My Thanksgiving was spent in an island country called Trinidad and Tobago, just off the coast of Venezuela. We were on the island for 2 days and I had the unique opportunity of doing a home-stay program in a town called Matelot. This town was at the end of the road and unless one lives here, there is no reason to ever visit Matelot. Many young people are leaving Matelot and looking to find work elsewhere because of the lack of jobs and opportunity in Matelot. It was an adorable little jungle-like town nestled between the ocean, a river and dense tropical forest. We spend the two days getting to know the Dorcas Women’s group, a coalition of middle-aged women who gather monthly to figure out ways to keep Matelot alive and thriving. Dorcas works in connection with Amizade—Service Learning, a nonprofit based in the States, whose Executive Director is actually SAS alumni. This program would not have been possible without the support from Amizade. It was interesting to see how a nonprofit was organized and run in a foreign country. Throughout the two days we swam in the river with some locals, enjoyed a few walks on the beach and learned how to do the traditional cultural dress wrapping from women of Dorcas. The women cooked us all our meals and we ate nothing but traditional Trinidadian food in typical Trinidadian homes.

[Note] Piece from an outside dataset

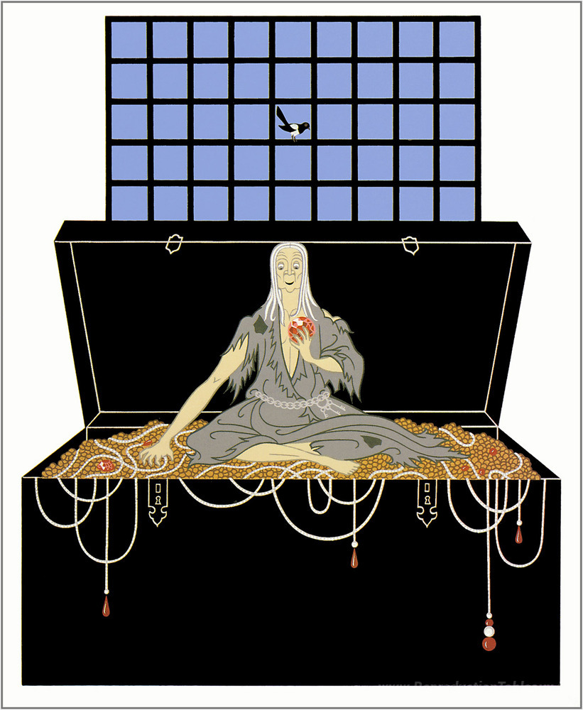 Nous vous proposons une reproduction artisanale sur toile du célèbre tableau 'Les sept péchés mortels, avarice' de Erte, provenant du Musée de la Reproduction.

The setting was beautiful and it was inspiring to see women connecting through social activism in such a remote part of our world. After a delicious dinner, had a brainstorming session/discussion where the women asked us for advice on how to improve Dorcas. We gave them a handful of ideas, one of which was the creation of a Docas Girls Youth group. The women liked this idea and it will be interesting to see if they end up setting this group up. Over the two days spent at Matelot we also visit the local hospital, school and fishing center. On the whole, my experiences at Matelot and with the Dorcas women’s group were extremely eye opening and inspiring. I am interested in following the stories of Matelot into the future and seeing if the efforts of the Doraus women’s group are successful in keeping Matelot alive and thriving.